Rosario Reyes and her family are among the 4 million undocumented immigrants who could be allowed to live and work legally in the United States without the constant fear of deportation.
A decision could come this week if the U.S. Supreme Court rules in favor of President Barack Obama's immigration actions in the landmark case United States v. Texas.
FILE - Immigration activists demonstrate at the Supreme Court in Washington in support of President Barack Obama's executive order to grant relief from deportation in order to keep immigrant families together, March 18, 2016.
The case focuses on Obama's 2014 Deferred Action for Parents of Americans and Lawful Permanent Residents, or DAPA, and the expansion of the 2012 Deferred Action for Childhood Arrivals, known as DACA.
The measures would protect young immigrants from deportation if they were brought to the U.S. illegally as children. They would also extend deportation protections to undocumented parents of U.S. citizens and permanent residents who have been in the country for some years. Both actions would allow them to work legally for a period of two years subject to renewal.
A lawsuit brought by 26 states, led by Texas, as well as congressional Republicans, challenged the executive orders and argued that Obama did not have the power to effectively change immigration laws.
A federal judge in Texas agreed to hear the challenge brought by those states and these executive orders have been on hold since 2015.
In April, the Supreme Court heard both sides in the case.
Texas Solicitor General Scott Keller, arguing for the lawsuit, called the president's order "one of the largest immigration changes" in American history, saying the program defers deportations and changes a person's immigration status since it allows undocumented immigrants to obtain work authorizations.
U.S. Solicitor General Donald Verrilli, Jr. argued the government's case. He said the phrase "lawful presence," that means being in the United States legally, could be removed from the language in the executive orders without changing their impact.
The president said he took the executive actions after Congress failed to overhaul the immigration system.
According to the Federal Registry, Obama has issued 244 executive orders between 2009 and 2016. George W. Bush issued 292 executive actions during his two terms as president.
President Barack Obama speaks during a naturalization ceremony at the National Archives in Washington, Dec. 15, 2015.
Supreme Court justices could side with Obama's administration policies and allow the 4 million immigrants who qualify under the executive actions to live and work legally in the U.S.
The high court could also agree with a lower court's ruling, which froze the immigration actions, and these executive orders would likely remain stalled.
The third possibility is a tie. With the death in February of Supreme Court Justice Antonin Scalia, only eight members are on the bench. The lower court's ruling would stand if the outcome ends in a tie.
Rosario Reyes' third child, Victor, was born in 2008 in Maryland.

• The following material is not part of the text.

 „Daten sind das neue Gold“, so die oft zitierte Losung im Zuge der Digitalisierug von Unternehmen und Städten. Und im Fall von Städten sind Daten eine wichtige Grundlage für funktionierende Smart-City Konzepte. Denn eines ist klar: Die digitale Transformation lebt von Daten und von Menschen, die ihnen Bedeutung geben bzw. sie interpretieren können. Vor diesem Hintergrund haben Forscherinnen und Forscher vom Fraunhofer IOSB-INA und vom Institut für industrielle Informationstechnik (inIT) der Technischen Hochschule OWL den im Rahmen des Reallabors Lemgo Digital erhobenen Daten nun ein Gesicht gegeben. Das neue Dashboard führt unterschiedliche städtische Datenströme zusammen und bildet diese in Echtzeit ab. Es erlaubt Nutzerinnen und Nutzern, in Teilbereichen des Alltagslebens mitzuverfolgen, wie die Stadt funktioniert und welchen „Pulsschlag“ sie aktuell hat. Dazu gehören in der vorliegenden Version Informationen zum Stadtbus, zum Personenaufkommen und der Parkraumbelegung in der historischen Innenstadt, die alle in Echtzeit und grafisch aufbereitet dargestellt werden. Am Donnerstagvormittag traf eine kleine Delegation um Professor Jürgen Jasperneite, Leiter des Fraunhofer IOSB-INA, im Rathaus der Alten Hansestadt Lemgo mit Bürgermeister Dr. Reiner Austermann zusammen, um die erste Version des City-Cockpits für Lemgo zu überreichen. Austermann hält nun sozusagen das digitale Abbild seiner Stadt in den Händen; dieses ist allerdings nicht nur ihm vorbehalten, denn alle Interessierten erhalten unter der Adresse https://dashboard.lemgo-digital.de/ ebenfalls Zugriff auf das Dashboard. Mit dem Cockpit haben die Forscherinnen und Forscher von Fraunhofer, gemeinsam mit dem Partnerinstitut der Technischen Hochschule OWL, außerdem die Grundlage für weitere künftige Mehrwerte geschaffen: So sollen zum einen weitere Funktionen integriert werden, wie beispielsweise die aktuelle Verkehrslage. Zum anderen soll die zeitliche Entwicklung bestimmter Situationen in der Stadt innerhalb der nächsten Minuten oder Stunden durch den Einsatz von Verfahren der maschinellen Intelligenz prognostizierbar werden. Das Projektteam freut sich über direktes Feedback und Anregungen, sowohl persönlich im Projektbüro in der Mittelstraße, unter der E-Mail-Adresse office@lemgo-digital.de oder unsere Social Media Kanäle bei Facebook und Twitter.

He is the only family member who is a U.S. citizen. Because of Victor, both parents qualify for DAPA.
Even a favorable ruling by the Supreme Court, the 38-year-old mother's plight would still not be over. She had to leave her other sons, Jose and Ricardo, with her mother when she left El Salvador for the U.S.

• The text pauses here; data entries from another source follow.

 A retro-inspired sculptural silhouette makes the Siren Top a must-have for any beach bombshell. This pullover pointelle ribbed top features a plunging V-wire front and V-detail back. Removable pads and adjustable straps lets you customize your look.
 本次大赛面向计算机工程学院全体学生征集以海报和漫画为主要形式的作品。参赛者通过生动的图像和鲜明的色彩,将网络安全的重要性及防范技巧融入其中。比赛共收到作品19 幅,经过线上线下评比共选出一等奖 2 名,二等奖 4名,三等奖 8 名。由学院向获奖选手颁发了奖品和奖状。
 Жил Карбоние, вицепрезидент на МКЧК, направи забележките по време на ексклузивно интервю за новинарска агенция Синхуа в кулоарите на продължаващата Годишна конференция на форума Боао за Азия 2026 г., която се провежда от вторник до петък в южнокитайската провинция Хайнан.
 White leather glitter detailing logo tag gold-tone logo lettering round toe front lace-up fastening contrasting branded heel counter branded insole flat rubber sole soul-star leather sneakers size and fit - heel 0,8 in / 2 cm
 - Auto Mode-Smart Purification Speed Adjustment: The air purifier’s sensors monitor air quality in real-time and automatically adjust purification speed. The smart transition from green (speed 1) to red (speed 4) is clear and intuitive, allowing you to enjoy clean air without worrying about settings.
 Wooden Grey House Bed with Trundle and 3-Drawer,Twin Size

Years later, Ricardo, the eldest son, embarked on the same journey to see his parents again. Jose, the middle child, stayed behind in El Salvador and their mother said she has not seen him since he was a year old. He is now 14.
In a phone interview, through tears, Rosario Reyes said being away from her son is one of the hardest struggles she has had to endure.
Mother and son keep in touch through Facebook and its messaging application WhatsApp. Rosario Reyes also uses social media to check Jose's homework and talks about hopes and dreams for the future.
"He says ‘Mom, I love you very much. I want to see you but I don't want to be undocumented. I want to be free. I have dreams,’" she added.
The family is hoping to work with U.S. authorities to get Jose a visa. Son Ricardo is a DACA recipient. He graduated from a Maryland public high school and is now working to pay for his college education.
Rosario Reyes takes care of children while her husband works in construction.
"We are not criminals. We are honored people. We work hard... I have faith that [the ruling] will be a yes. We will be free," she told VOA.